EXERCISE DETAILS -
Starting at the line that contains "The digital color" and stopping at the line that contains "按键复位: 默认状态电路图为", restate each line of the records below exactly. Omit the pictures.

EXTRACTED ENTRIES -
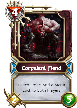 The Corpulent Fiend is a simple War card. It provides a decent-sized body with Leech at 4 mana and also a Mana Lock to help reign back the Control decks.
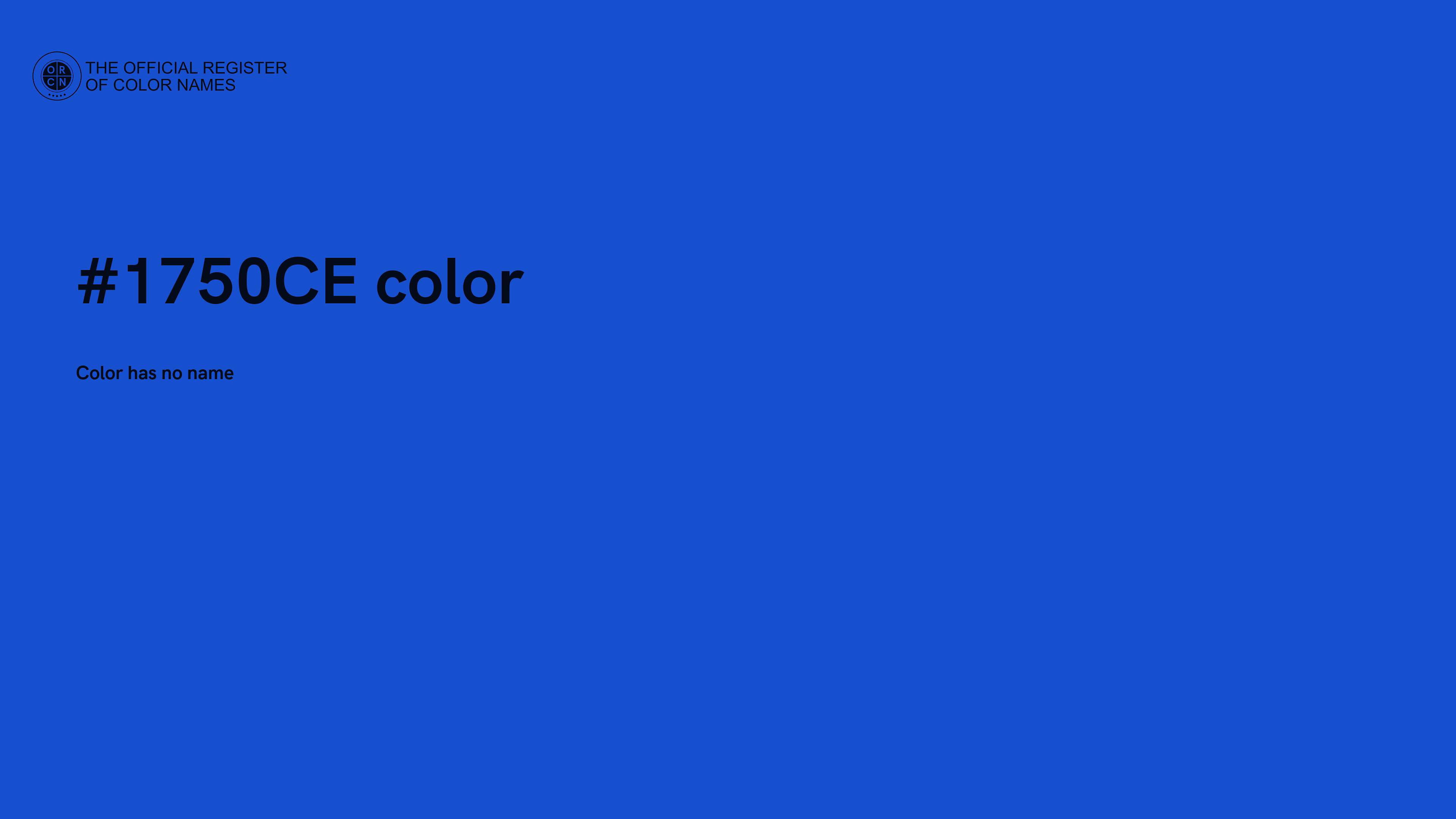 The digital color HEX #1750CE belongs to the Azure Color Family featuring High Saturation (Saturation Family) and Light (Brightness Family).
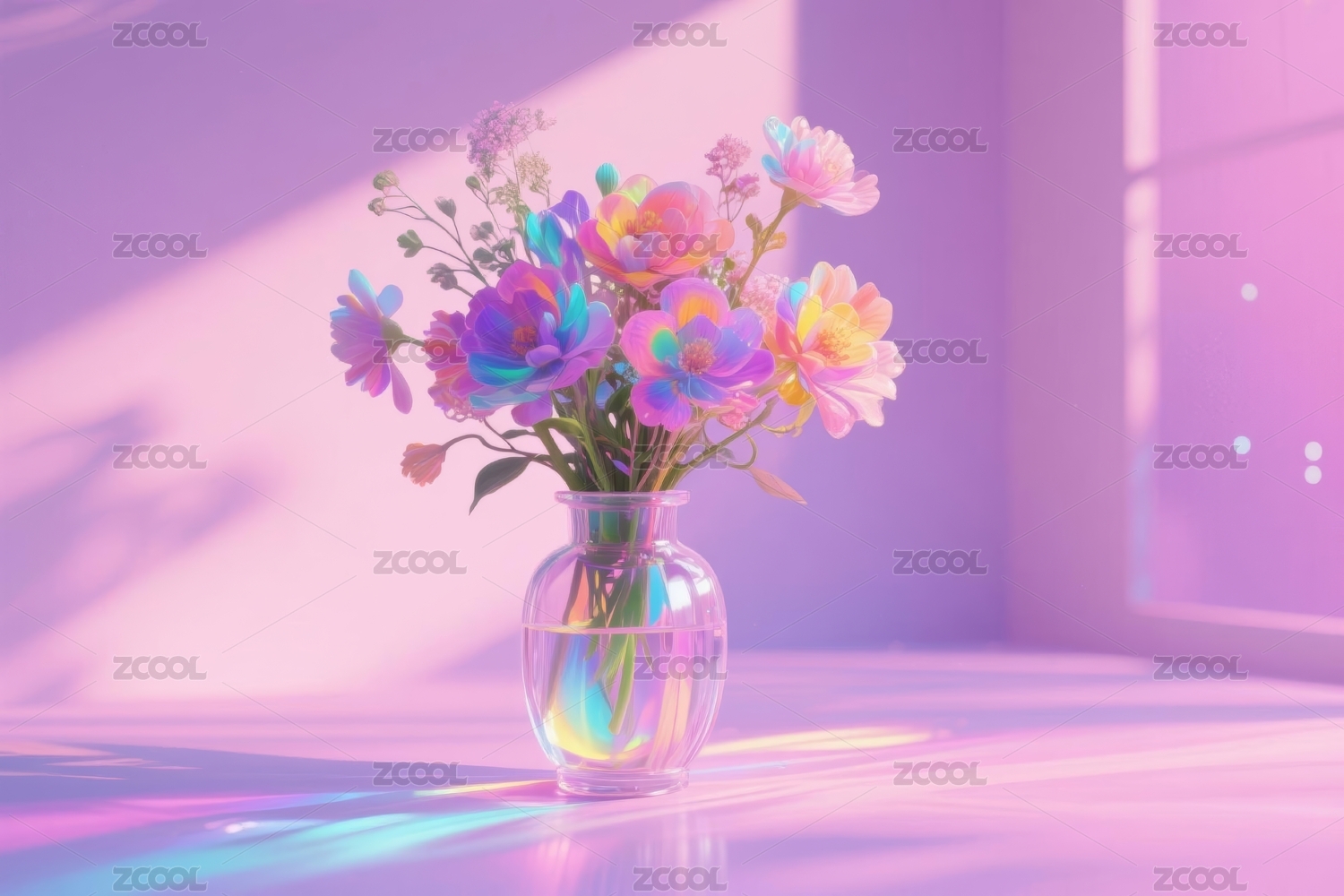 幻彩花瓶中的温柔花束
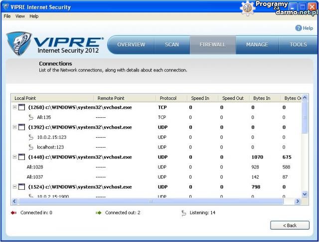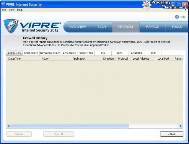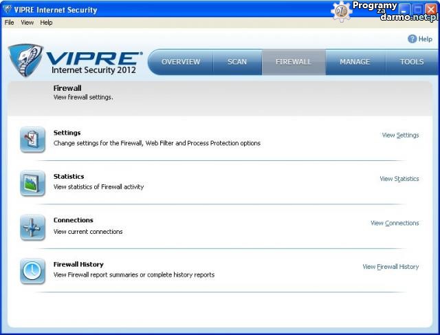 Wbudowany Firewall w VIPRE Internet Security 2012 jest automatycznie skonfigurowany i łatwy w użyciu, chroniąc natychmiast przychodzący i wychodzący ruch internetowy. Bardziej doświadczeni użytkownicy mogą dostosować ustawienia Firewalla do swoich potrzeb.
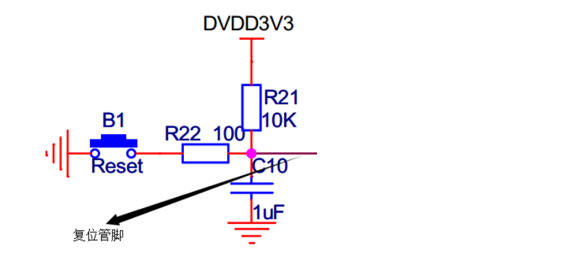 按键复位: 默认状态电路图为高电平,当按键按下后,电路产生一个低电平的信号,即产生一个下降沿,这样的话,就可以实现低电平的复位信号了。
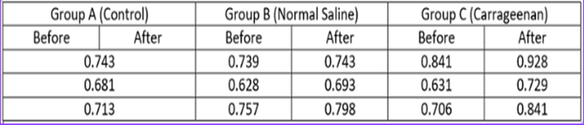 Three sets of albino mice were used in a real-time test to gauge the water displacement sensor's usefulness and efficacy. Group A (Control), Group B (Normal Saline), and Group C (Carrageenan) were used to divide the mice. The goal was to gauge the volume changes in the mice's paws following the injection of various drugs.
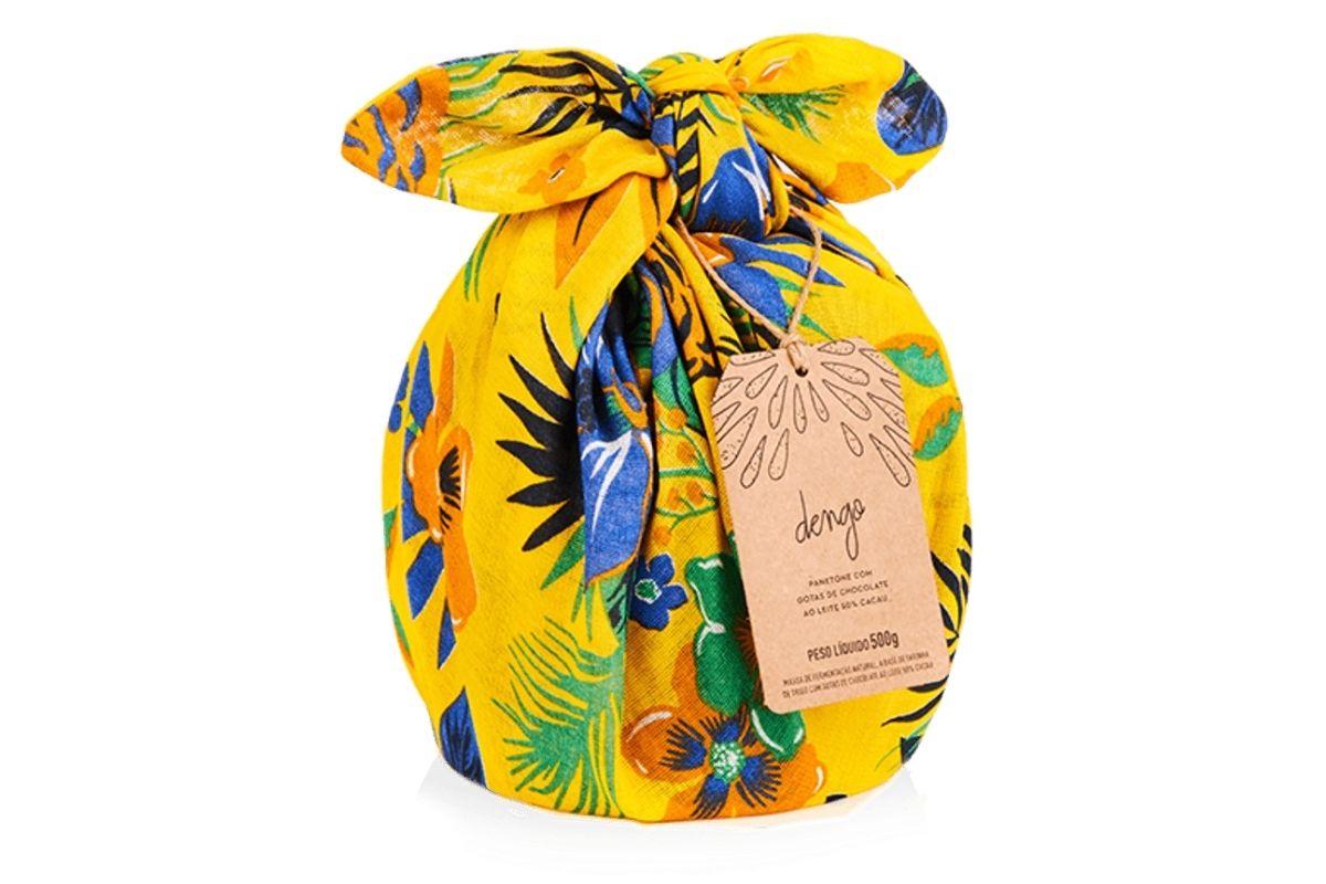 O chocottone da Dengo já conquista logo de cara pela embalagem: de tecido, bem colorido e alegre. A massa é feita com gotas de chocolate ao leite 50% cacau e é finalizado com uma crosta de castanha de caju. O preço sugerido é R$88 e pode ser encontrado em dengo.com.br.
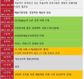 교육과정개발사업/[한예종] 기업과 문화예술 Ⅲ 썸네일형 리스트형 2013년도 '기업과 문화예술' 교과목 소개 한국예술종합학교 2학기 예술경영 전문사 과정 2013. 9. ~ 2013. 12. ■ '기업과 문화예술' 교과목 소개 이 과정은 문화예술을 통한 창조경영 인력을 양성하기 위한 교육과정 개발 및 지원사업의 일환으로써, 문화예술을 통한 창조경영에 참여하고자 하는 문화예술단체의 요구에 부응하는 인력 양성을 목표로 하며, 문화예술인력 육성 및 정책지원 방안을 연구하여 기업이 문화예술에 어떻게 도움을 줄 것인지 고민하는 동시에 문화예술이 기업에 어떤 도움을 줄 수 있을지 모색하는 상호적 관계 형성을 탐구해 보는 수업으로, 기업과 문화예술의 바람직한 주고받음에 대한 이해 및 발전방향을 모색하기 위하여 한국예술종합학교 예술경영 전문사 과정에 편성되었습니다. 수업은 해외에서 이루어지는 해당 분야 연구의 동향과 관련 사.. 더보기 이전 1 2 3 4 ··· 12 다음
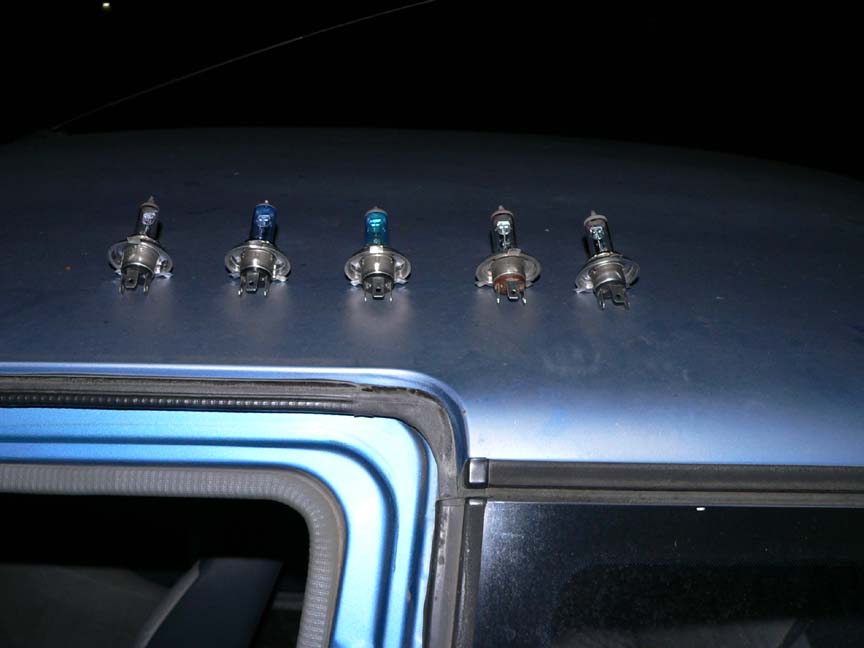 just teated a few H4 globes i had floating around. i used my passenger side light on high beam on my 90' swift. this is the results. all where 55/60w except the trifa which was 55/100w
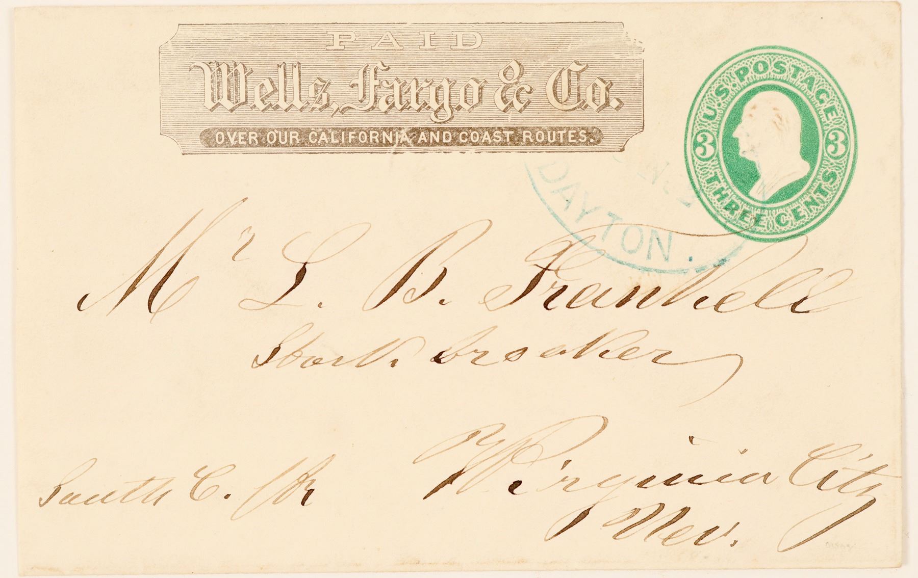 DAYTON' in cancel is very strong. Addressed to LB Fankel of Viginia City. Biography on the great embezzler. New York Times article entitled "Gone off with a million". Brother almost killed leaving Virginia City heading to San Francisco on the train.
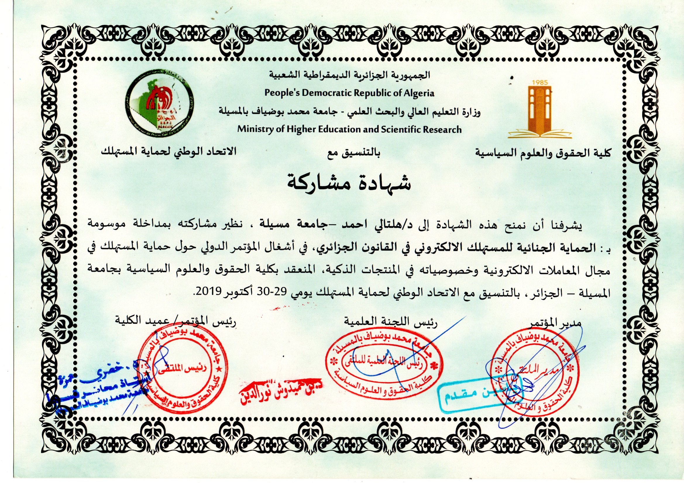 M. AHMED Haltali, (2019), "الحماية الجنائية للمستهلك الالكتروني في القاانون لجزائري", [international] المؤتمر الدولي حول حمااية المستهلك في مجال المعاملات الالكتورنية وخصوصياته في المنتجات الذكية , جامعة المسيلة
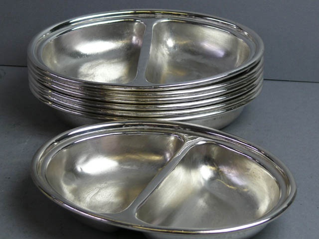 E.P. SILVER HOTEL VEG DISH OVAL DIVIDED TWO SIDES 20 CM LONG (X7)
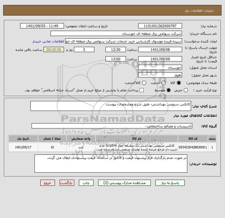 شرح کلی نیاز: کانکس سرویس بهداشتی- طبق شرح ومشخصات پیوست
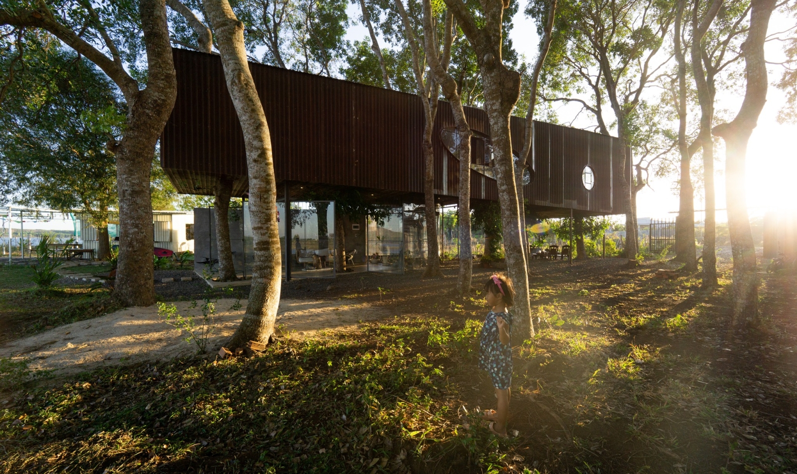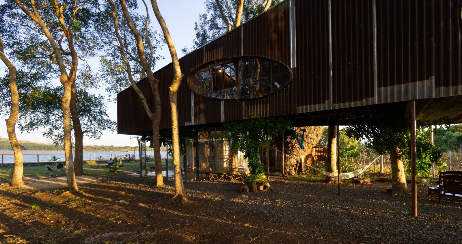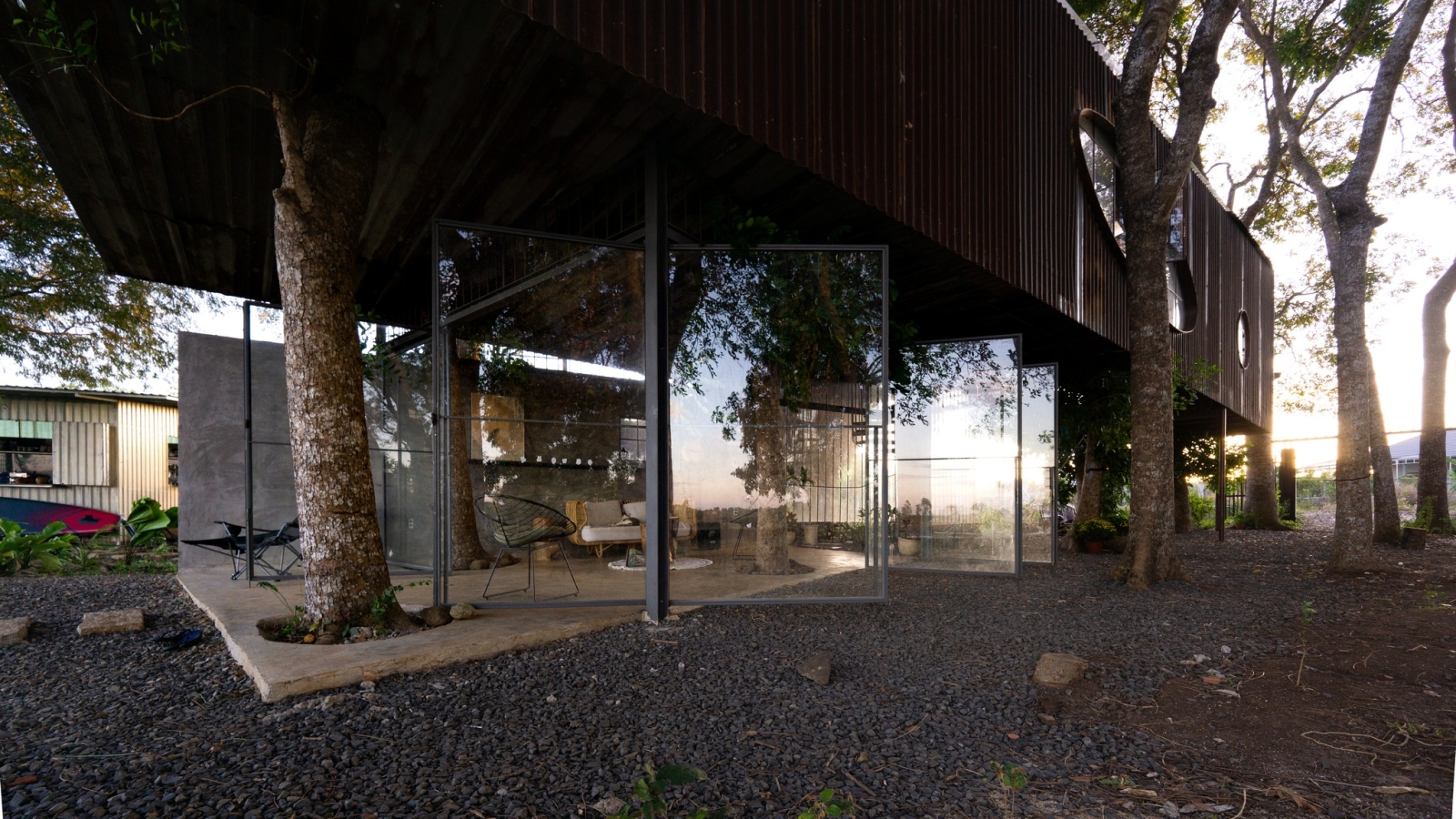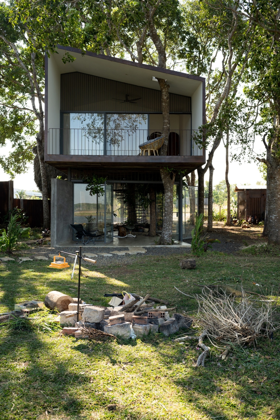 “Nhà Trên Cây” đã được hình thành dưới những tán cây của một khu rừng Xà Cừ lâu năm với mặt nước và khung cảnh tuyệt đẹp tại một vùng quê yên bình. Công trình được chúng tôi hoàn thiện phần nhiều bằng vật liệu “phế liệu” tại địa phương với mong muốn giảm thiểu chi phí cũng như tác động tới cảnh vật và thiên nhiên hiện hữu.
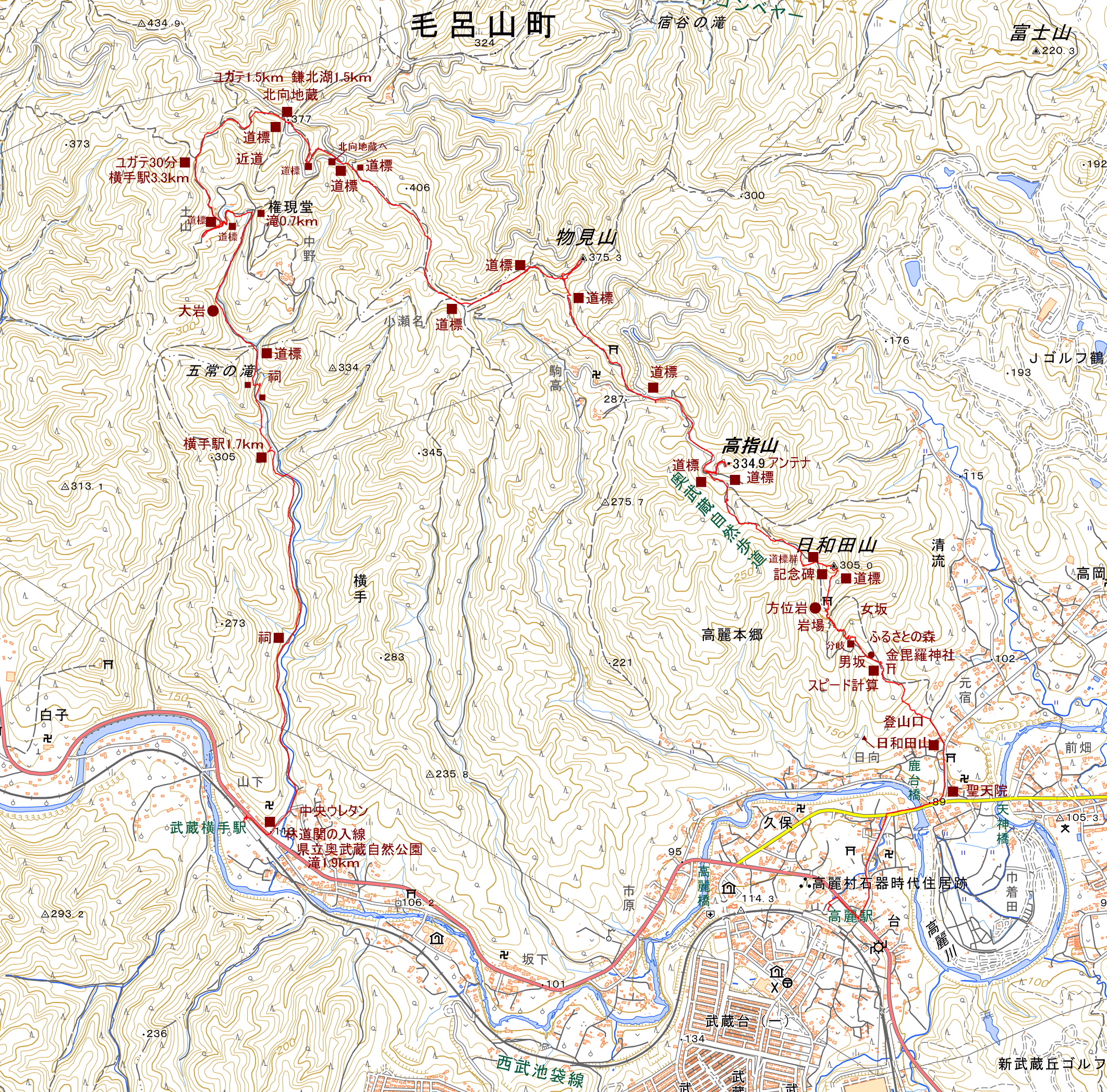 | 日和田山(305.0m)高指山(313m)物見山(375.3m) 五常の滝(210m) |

REPLY -
 The digital color HEX #1750CE belongs to the Azure Color Family featuring High Saturation (Saturation Family) and Light (Brightness Family).
 幻彩花瓶中的温柔花束
 Wbudowany Firewall w VIPRE Internet Security 2012 jest automatycznie skonfigurowany i łatwy w użyciu, chroniąc natychmiast przychodzący i wychodzący ruch internetowy. Bardziej doświadczeni użytkownicy mogą dostosować ustawienia Firewalla do swoich potrzeb.
 按键复位: 默认状态电路图为高电平,当按键按下后,电路产生一个低电平的信号,即产生一个下降沿,这样的话,就可以实现低电平的复位信号了。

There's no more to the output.